1.
What is the
difference between Strong and Weak AI? How does he define each of them? To
which is Searle objecting?
2.
Whose work does
Searle consider in this article? What other programs does he mention?
3.
What is Searle’s
example to describe these works of AI? What are the claims partisans of strong
AI make about these examples?
4.
What is the
Chinese Room thought experiment? Describe it in details! What is it designed to
show?
5. How is the Chinese Room thought
experiment is related to the Turing Test and particularly to the
consciousness objection to the Turing Test?
6.
What is the Systems Reply, and how does Searle respond to it? Is
his reply convincing?
7.
What is the Robot Reply? What deficiency of computers does the Robot
Reply aim to solve? How does Searle answer this objection?
8.
What is the Brain
Simulator Reply? How does Searle reply?
9.
What is Searle’s
reaction to the Other Minds Reply? How does it connect to Turing’s argument?

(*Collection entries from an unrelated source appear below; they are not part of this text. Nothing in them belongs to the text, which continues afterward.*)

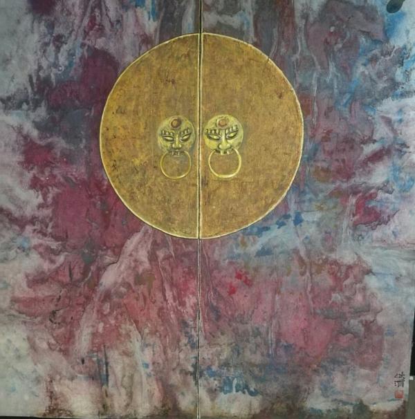 描绘作品时,画家习惯用暖色。她大胆地使用红色和黄色,与水墨相融合,再辅以青色、白色制作出流状的肌理,形成近乎厚重却又不失闪动的视觉效果。这种创新的艺术手法更充分地表现出“门”庄严祥瑞的特点。
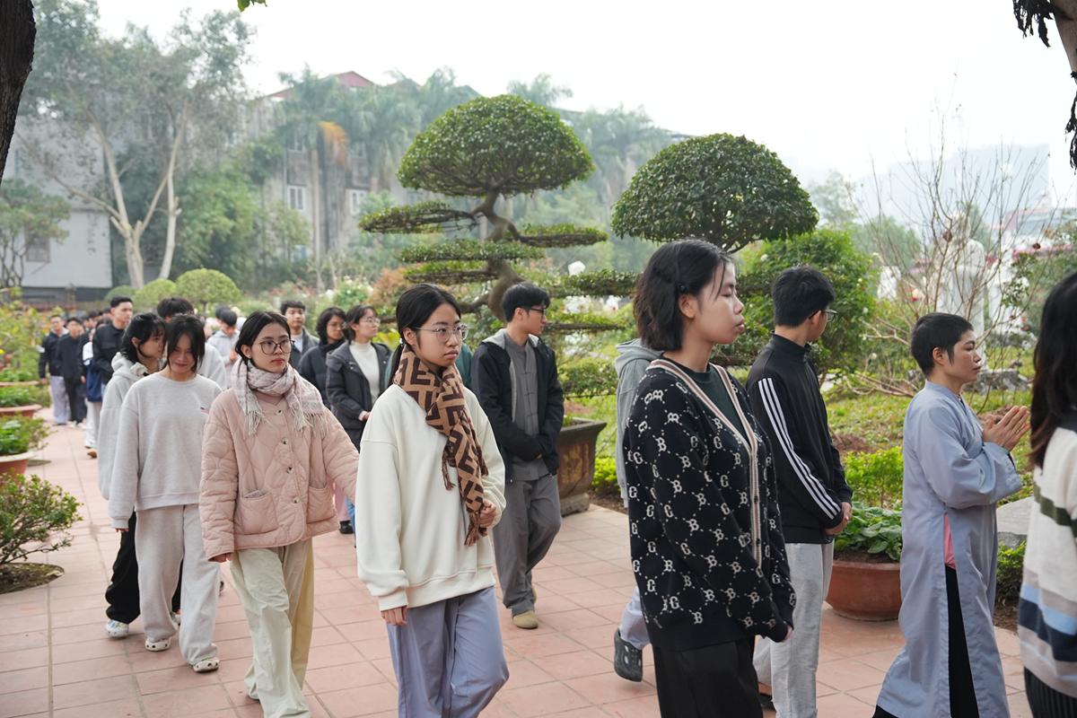 Sau đó, dưới sự hướng dẫn từ bi của Hòa thượng Thích Bảo Nghiêm, toàn thể khóa sinh lặng lẽ bước vào thời khóa thiền hành, thong dong dạo quanh khuôn viên chùa và hướng về vườn Quan Âm thanh tịnh. Không gian như lắng lại trong từng bước chân chậm rãi, vững chãi. Mỗi bước đi là một hơi thở chính niệm, là một lần trở về với thân tâm đang có mặt. Trên con đường thiền hành ấy, không còn vội vã hay tìm cầu, chỉ có sự an trú trọn vẹn trong giây phút hiện tại, nương tựa vào tự thân và nuôi dưỡng nguồn năng lượng bình an nơi tâm hồn.
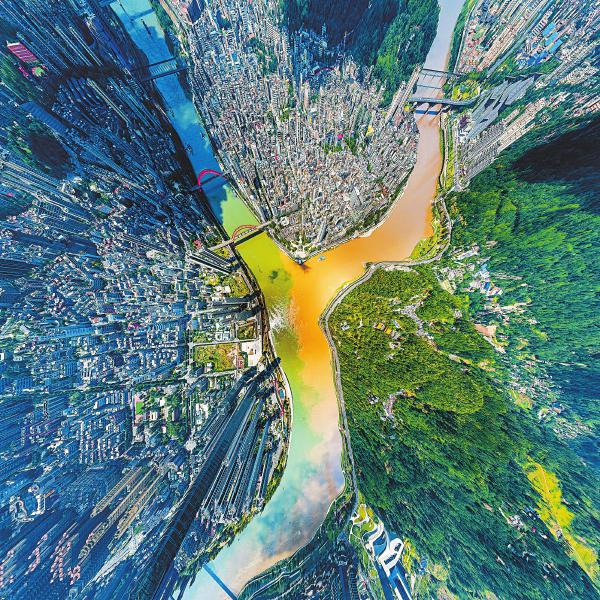 9月9日,宜宾市金沙江、岷江、长江交汇处,三江六岸城市建筑与江景、山景交相辉映。
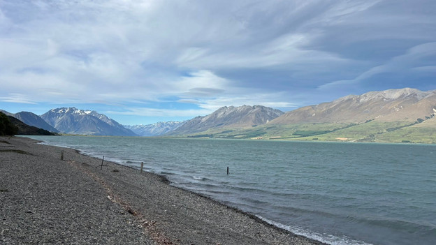 Maybe not as sunny as the day we arrived, but despite the wind across Lake Ōhau, it was a fabulous day. Day dawned grey and a little chilly but hints of blue sky boded well. My mate Shane from Montreal had packed up his tent and we had a quick chat before he hit the road - wishing him safe travels and no more spills!
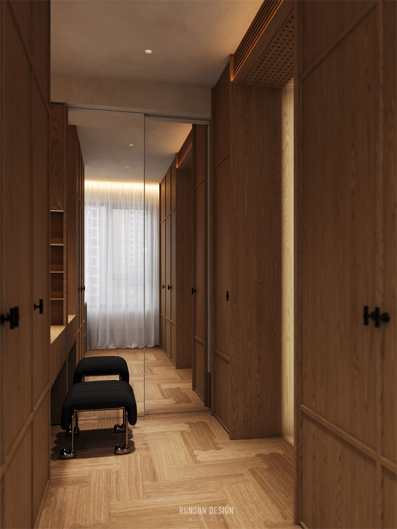 本案在主衛(wèi)與次衛(wèi)中間的衣帽間
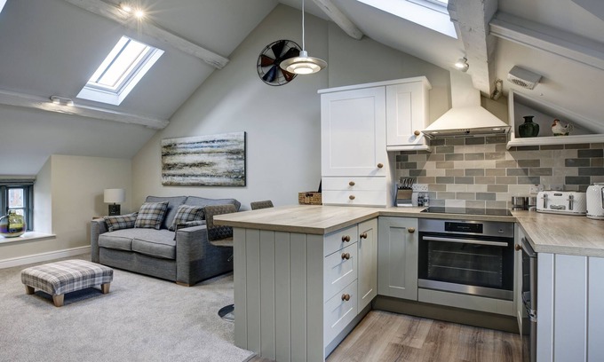 Heading up the rustic stone staircase and stepping inside, the cosy living room and open-plan kitchen provide an ideal space to renew and relax after a day of exploring. The plump sofa and recliner invite indulgent evenings spent watching your favourite film and the farmhouse kitchen and breakfast bar make the perfect space to rustle up a local feast and enjoy a refreshing glass or two.
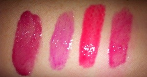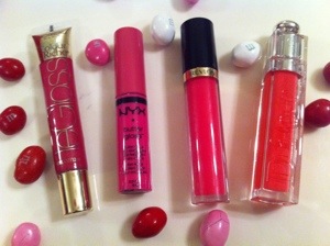 From left to right: Loreal Colour Riche leGloss in Violet Attitude, NYX Butter Gloss in Strawberry Parfait, Revlon Super Lustrous Lip Gloss in Pink Pop, Dior Addict Ultra Gloss in #664 Rose Bikini
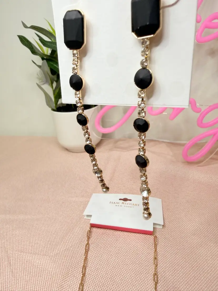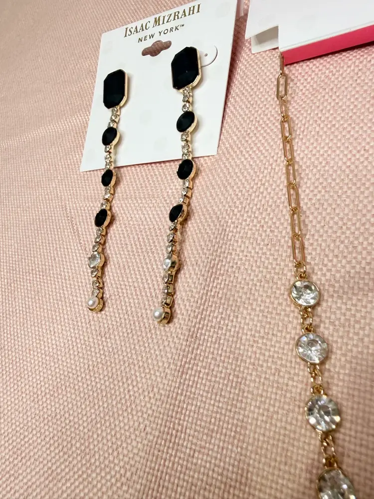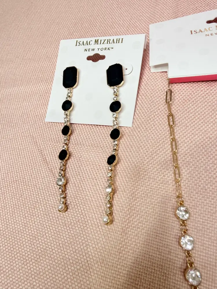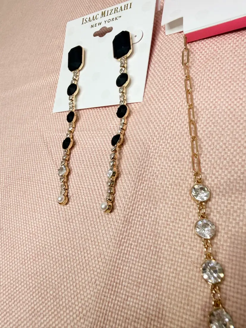 Isaac Mizrahi Jewelry Set Necklace Earrings Black Drop Gold Elegant Gift
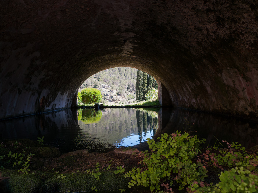 Alfabia is a good place to study the Moorish ways of water management. The estate goes back to an Islamic settlement near the Font d’Alfabia, a water source in the Puig d’Alfabia mountain, from where it was channeled through watercourses to storage reservoirs near the residential quarters, and from there through canals and ducts to the fields and terraces of plantation areas and gardens.
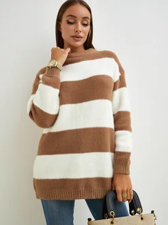 Свитер оверсайз пушистый с вырезом удлиненный
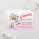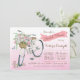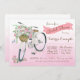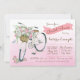 Chá de panela de bicicleta com bonito bicicleta d'água com cesto de rosas em fundo cor-de-rosa. Esses belos convites de chá de panela de bicicleta são facilmente personalizados para seu evento simplesmente adicionando seus detalhes.
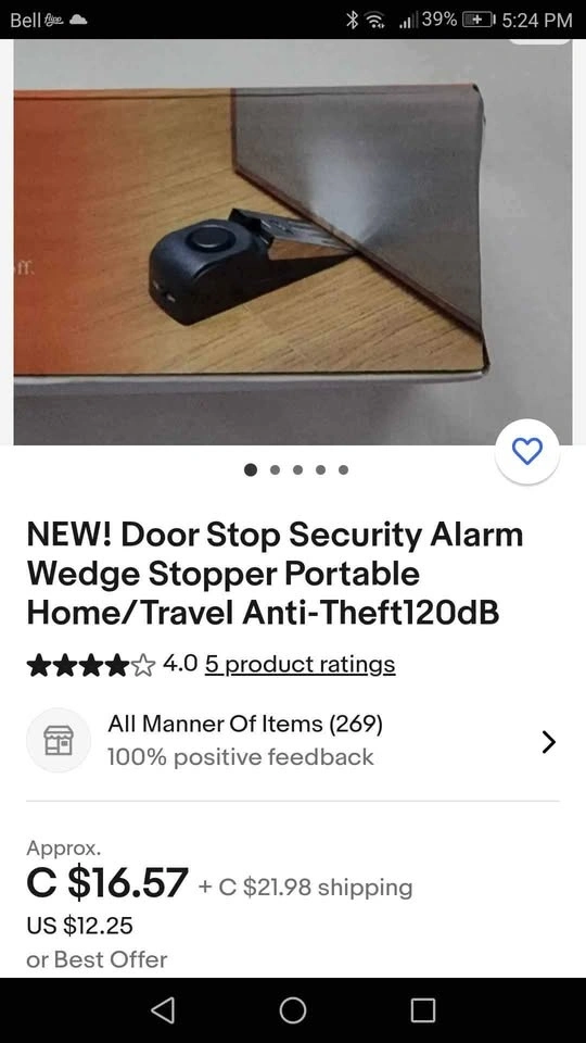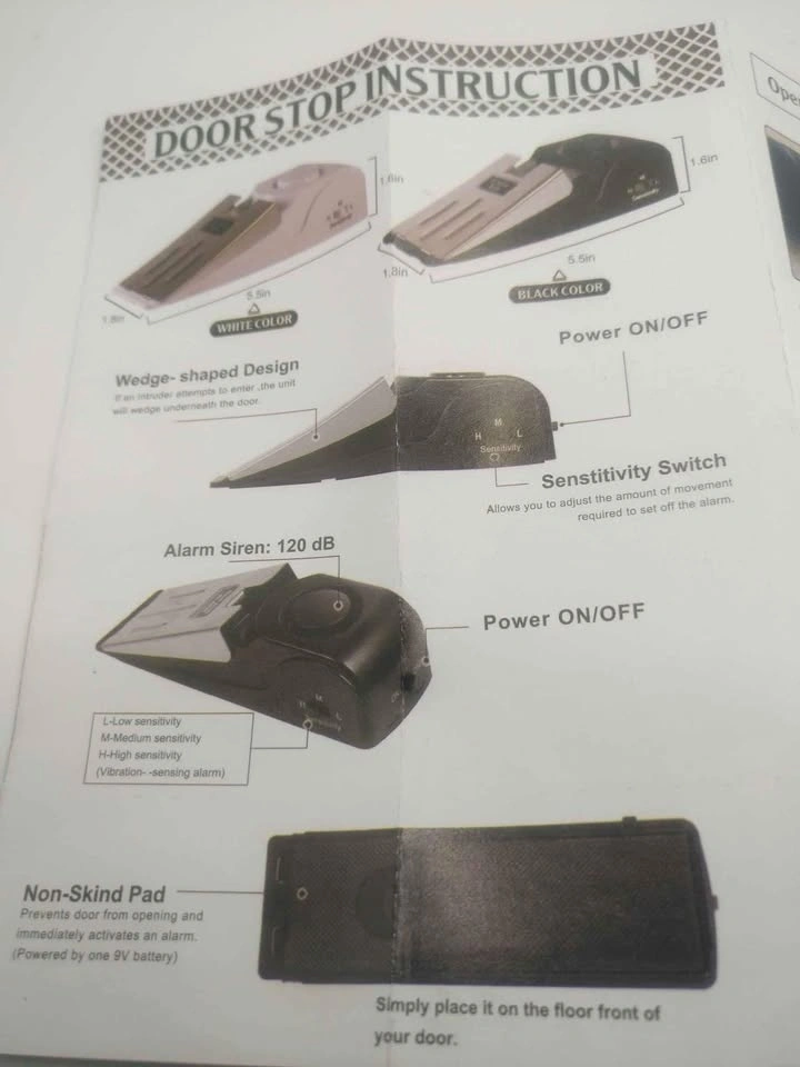 Pick up is Browns Line and Lakeshore Blvd West after 5:30 pm, near the Tim Hortons at 38th and Lakeshore Blvd West. With everything going on, safety is a huge concern! I have these on all the doors around my house. If someone tries to enter, the alarm will go off and wake you if you're sleeping. Unfortunately, we have to protect what's ours these days. This alarm wedge stopper is portable for home or travel, with a 120dB alarm. The wedge shape design fits any hinged door. It has adjustable high sensitivity and requires no installation, making it easy for travelers to carry. It can also be used as a regular doorstop when the power switch is turned off. Special design for use at home, office, and hotel rooms. Powered by a 9V battery.
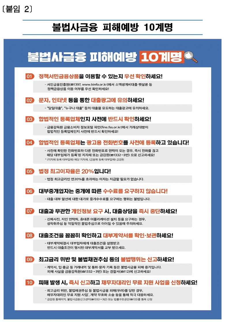 <강화된 대부업법에 따라 고금리 일수대출 등 불법 사금융 엄정 단속>
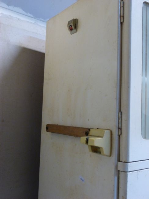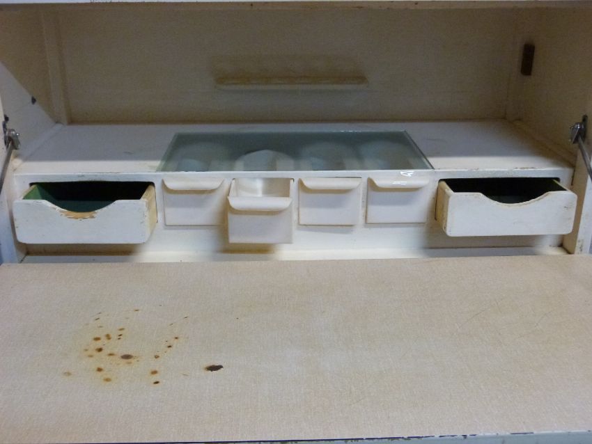 A retro 1950s kitchen cabinet with fold down surface and fitted interior, W91 x D41 x H181
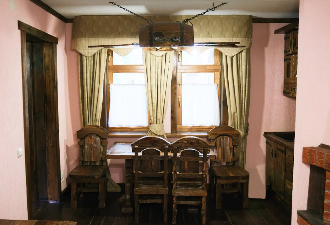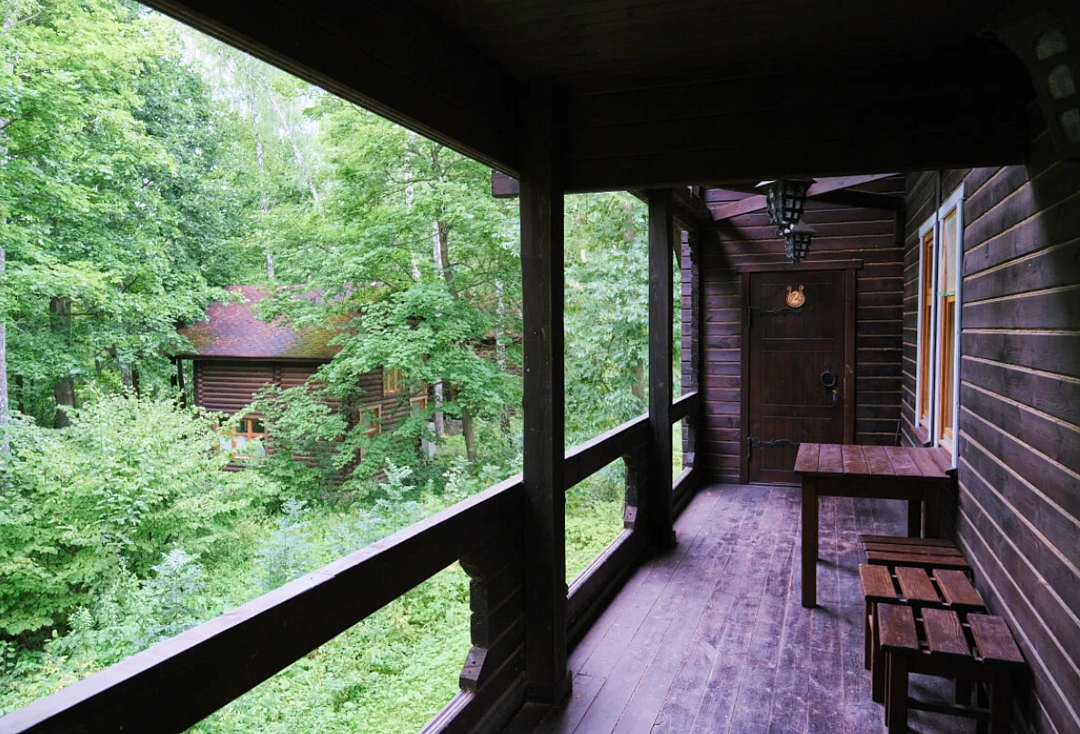 Отель состоит из нескольких деревянных домов, построенных с использованием экологически чистых материалов. Здесь есть уютный семейный ресторан, площадка для мероприятий, множество прогулочных зон и мест для отдыха, оформленных в сказочном стиле. В отеле быстро забываешь о рабочей неделе и утомительной дороге и погружаешься в атмосферу спокойствия и гармонии с природой.
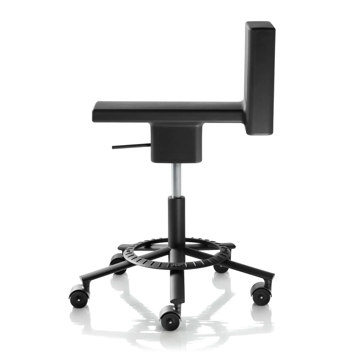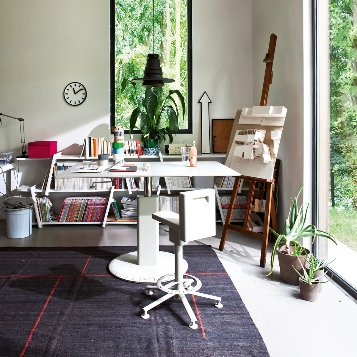 Der 360° Bürostuhl von Magis wurde von Konstantin Grcic entworfen und gehört zu einer Serie an Möbeln für das Arbeitszimmer oder das Büro. Der Stuhl besteht aus einem drehbaren Fünfstern-Gestell mit Rollen aus epoxylackiertem Stahl. Die praktische Fußstütze wird aus Aluminium-Druckguss hergestellt und der selbsttragende Sitz besteht aus Polyurethan-Integralschaum. Der Sitz ist es auch, der den Stuhl zum Hingucker im Raum werden lässt.
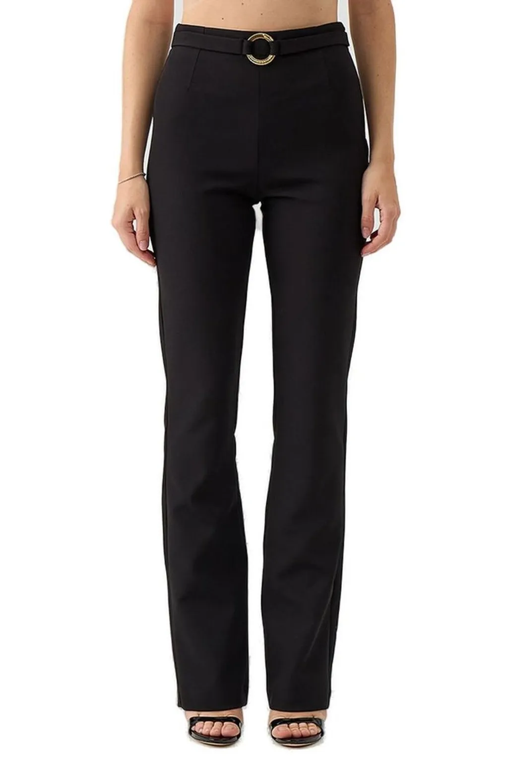 High-waisted trousers with a flared leg and a gold-tone buckle belt. The trousers feature a concealed zipper closure at the back.

10. Searle claims that the reason we should attribute
intentionality to animals, and not to robots that exhibit the same kind of
behavior, is that "we can see that the beasts are made of stuff similar to
our own". Why should this matter? Searle says:
"perhaps, for example, Martians also have intentionality, but their brains
are made of different stuff. That is an empirical question, rather like
the question whether photosynthesis can be done by something with a chemistry different from that of chlorophyll."
Is he right that this would be a straightforward empirical question?